* _Task requirements_
Produce a word-for-word copy of the lines from the one that contains "Carte de vacances" to the final line of the data below, with all pictures dropped.

***** Exercise material

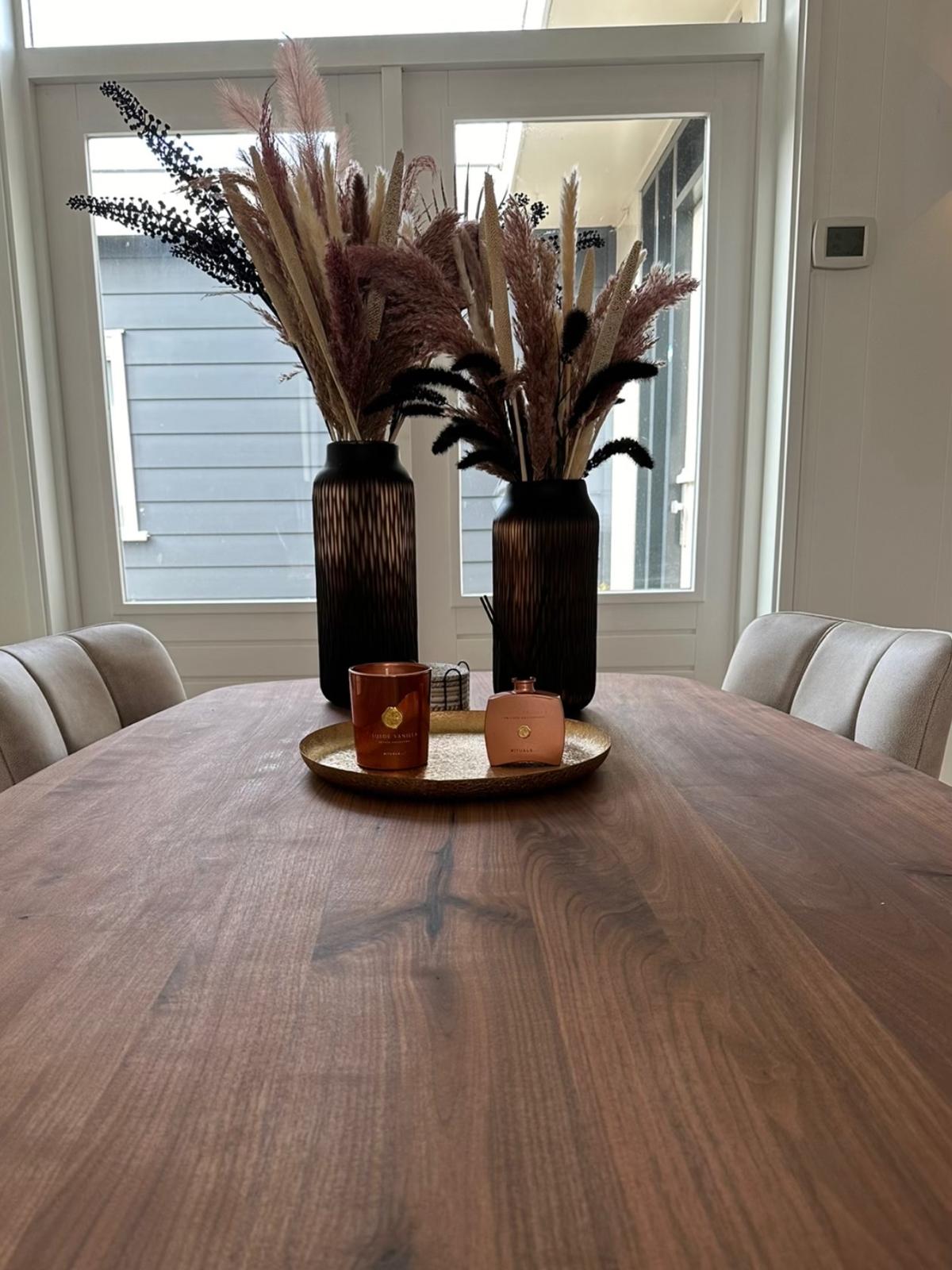 “We hebben een prachtige tafel gekocht bij Maatwerk Tafels. We zijn goed geadviseerd over de vorm, houtsoort en lak. De levering was snel en professioneel. Hij staat nu ruim een maand bij ons en is naast prachtig ook erg functioneel. Door de Deens ovale vorm en de poot in het midden kunnen er zelfs twee extra mensen aan zitten. Perfect voor de feestdagen!”
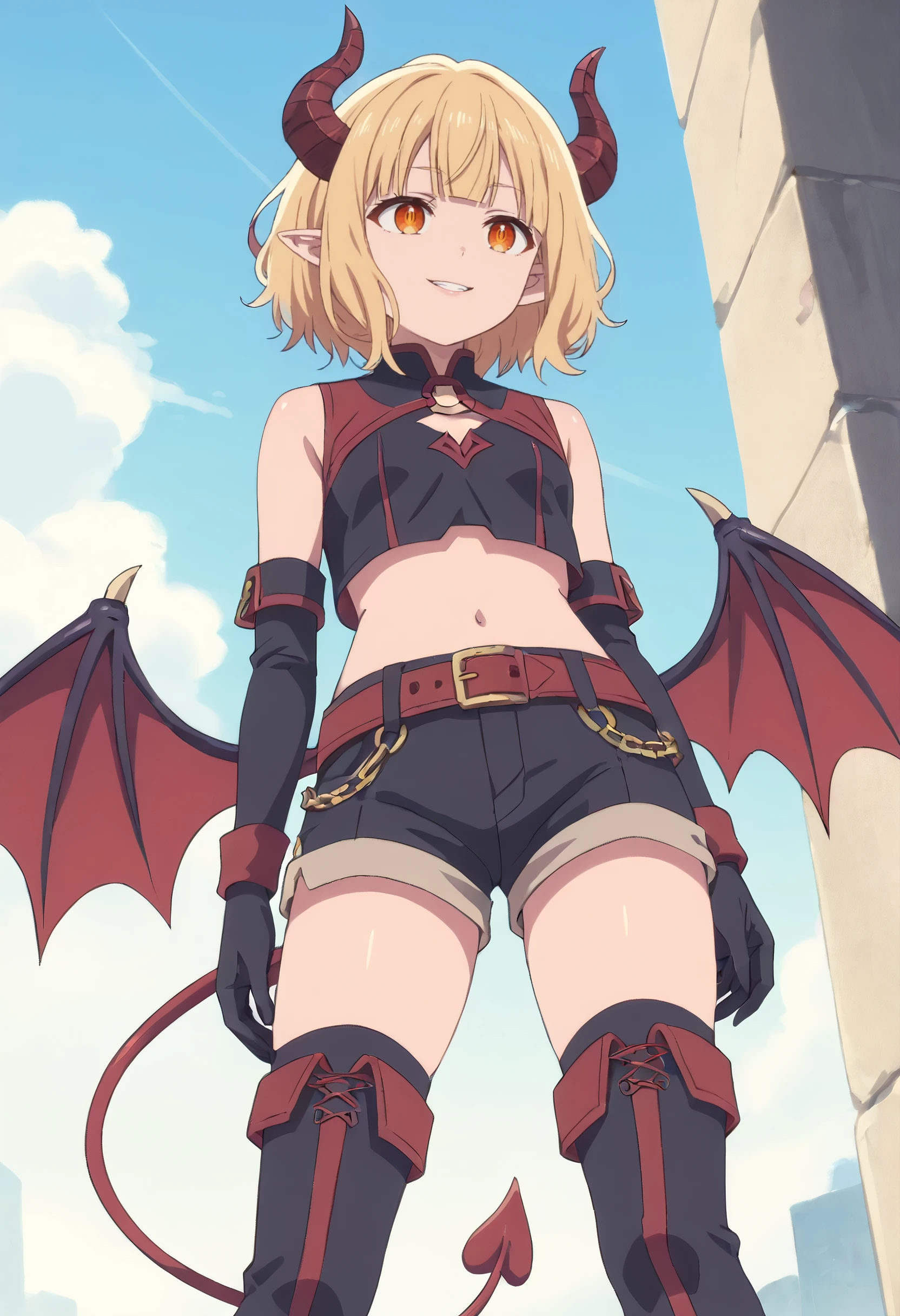 ReezeTransformed, short hair, gloves, horns, wings, pointy ears, demon wings, midriff, bat wings, navel, demon horns, red wings, demon girl, black gloves, belt, demon tail, tail, crop top, fang, shorts, low wings, boots, thighhighs,
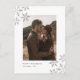 Carte de vacances élégante moderne avec photo et flocons d'argent qui se chevauchent.
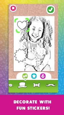 It's quick, easy and fun. Use any photo on your device or take a new one. Watch the color drain away and adjust the special filter to get a great result on almost any photo. Decorate with silly stickers like costumes and speech bubbles. Now you are ready to print at home and color!
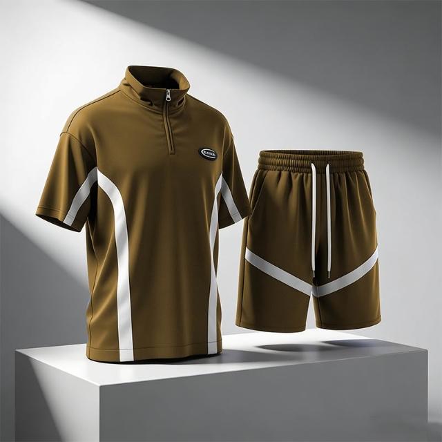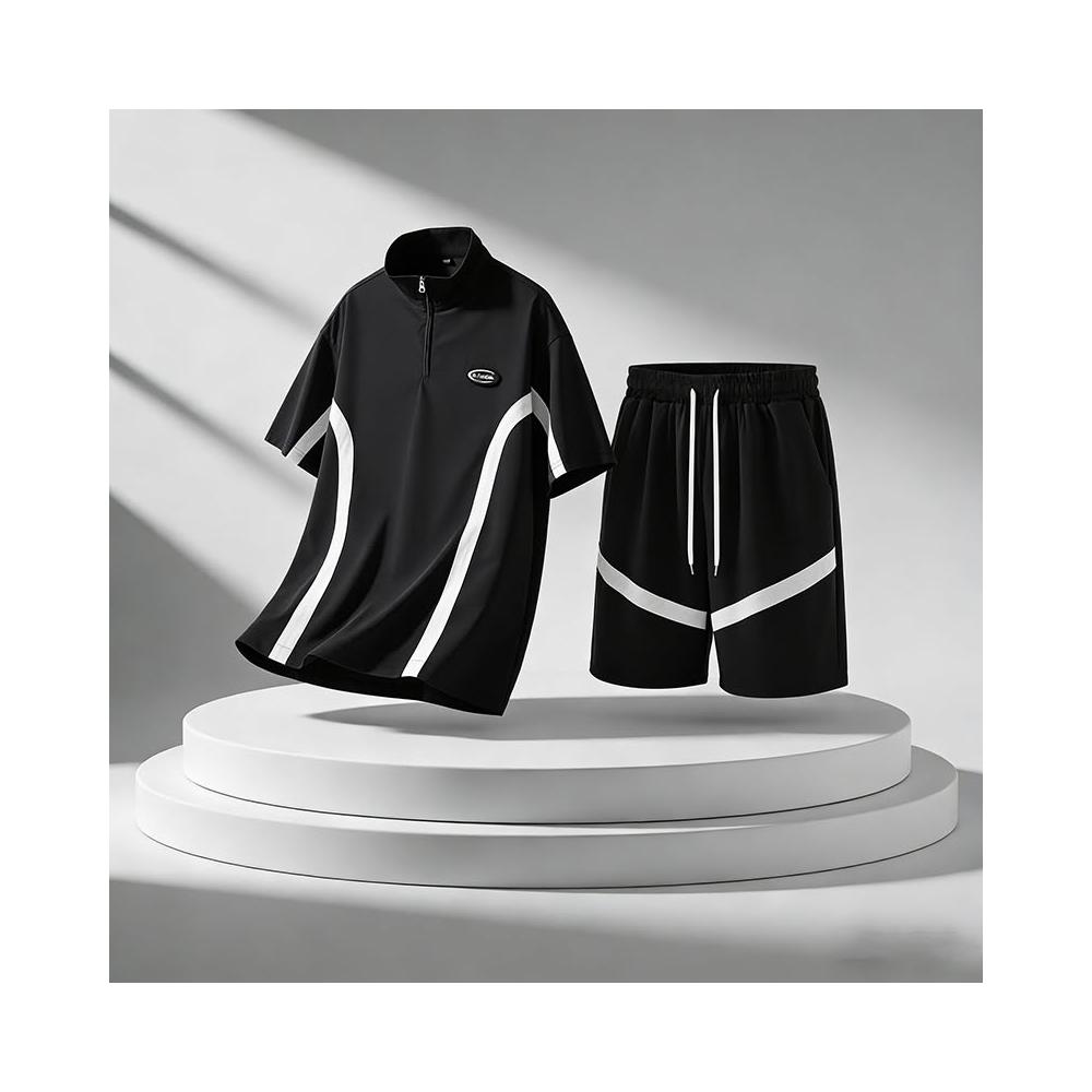 運動套裝女男冰絲短袖上衣速乾涼感衣輕薄透氣寬鬆套裝五分短褲夏天休閒套裝吸濕排汗polo短袖運動短褲戶外登山釣魚情侶兩件套

**********

* _Completed task_
 Carte de vacances élégante moderne avec photo et flocons d'argent qui se chevauchent.
 It's quick, easy and fun. Use any photo on your device or take a new one. Watch the color drain away and adjust the special filter to get a great result on almost any photo. Decorate with silly stickers like costumes and speech bubbles. Now you are ready to print at home and color!
 運動套裝女男冰絲短袖上衣速乾涼感衣輕薄透氣寬鬆套裝五分短褲夏天休閒套裝吸濕排汗polo短袖運動短褲戶外登山釣魚情侶兩件套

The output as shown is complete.